I want to understand the irreducible decomposition of Lorentz tensors by using Young tableaux. Let me start with a trivial example. Suppose we work in $n=4$ dimensions, and that we have a rank 2 homogeneous tensor $T_{ab}$. Doing the Young tableau, we find that $4\otimes 4=10\oplus 6$, where the tensor splits into a symmetric and an antisymmetric part with subspace dimensions 10 and 6, respectively. If the antisymmetric part is real, then it is irreducible. Assume that the tensor is not traceless. The symmetric part can be further reduced to a symmetric traceless part and the trace. How is this further reduction visible when using Young operators? Shouldn't the Young tableau directly give the irreducible parts of this tensor, i.e. $4\otimes 4=1\oplus 6\oplus 9$? I know this is probably not the case, because doing Young tableaux we only consider (anti-)symmetrisations. I ask then, what is the logic behind this further reduction of the symmetric part?

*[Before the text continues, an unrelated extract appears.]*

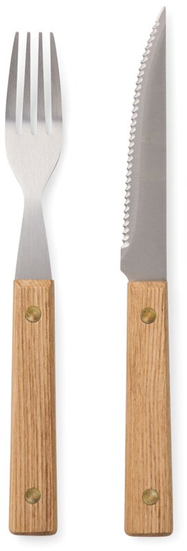 Sada je vyrobena z kombinace vysoce kvalitní nerezové oceli a jasanového dřeva s certifikací FSC®, které zaručuje odpovědný původ použitého materiálu. V praktickém balení najdete čtyři ostré steakové nože a čtyři robustní vidličky.

Furthermore, increasing the rank, there exists for example the usual irreducible decomposition of the torsion tensor into an axial, a vectorial and a traceless tensorial part. I do not see how this split can be obtained with Young diagrams. Again, while the physical motivation may be clear, I cannot find a general mathematical prescription for this type of decomposition, nor have I found a formula for tensors of arbitrary rank. I would definitely appreciate some good references, since I have some gaps to fill in this topic.

$\endgroup$
  • $\begingroup$ $\mathrm{SO}(4)\cong(\mathrm{SU}(2)\times\mathrm{SU}(2))/\mathbb Z_2$ is not simple, so you can't really use Young tableaux. $\mathrm{SO}(n)$ is simple for $n=3$ and $n\ge5$. For example, for $n=4$ (and unlike for $n=3$ or $n\ge5$), the anti-symmetric representation is reducible (into the so-called self-dual and anti-self-dual parts). In any case, this is really a pure-math question, so I think it's better for you to ask on math.SE. $\endgroup$ – AccidentalFourierTransform Sep 21 '18 at 1:11
  • $\begingroup$ What if you consider the identity component isomorphism with $sl(2,C)$, where the latter is simple. You're right however, I'm posting this on math. $\endgroup$ – kospall Sep 21 '18 at 1:25
0
$\begingroup$

Here's what I do (mostly with SO(3), so jumping to SO(4) consider AccidentalFourierTransform's comment):

Use Schur-Weyl Duality / Robinson-Schensted correspondence to get the symmetric, antisymmetric, and for rank greater then 2, the mixed symmetries of the tensors. You then use the hook length formula to compute the dimensions of the subspaces. For rank-2:

$$ 4 \otimes 4 = 10 \oplus 6 $$

where the ${\bf 10}$ corresponds to:

$$ S_{\mu\nu}=\frac 1 2 [T_{\mu\nu} + T_{\nu\mu}\,]$$

To proceed, you have subtract traces, since $S_{\mu\mu}$ transforms like a scalar:

$$ N_{\mu\nu} = S_{\mu\nu} - \frac 1 4 S_{\sigma\sigma}$$

(whether 1/4 is only valid for SO(4) and not for SO(3,1), I can't say). ${\bf N}$ is now a natural (i.e. trace free) rank-2 tensor.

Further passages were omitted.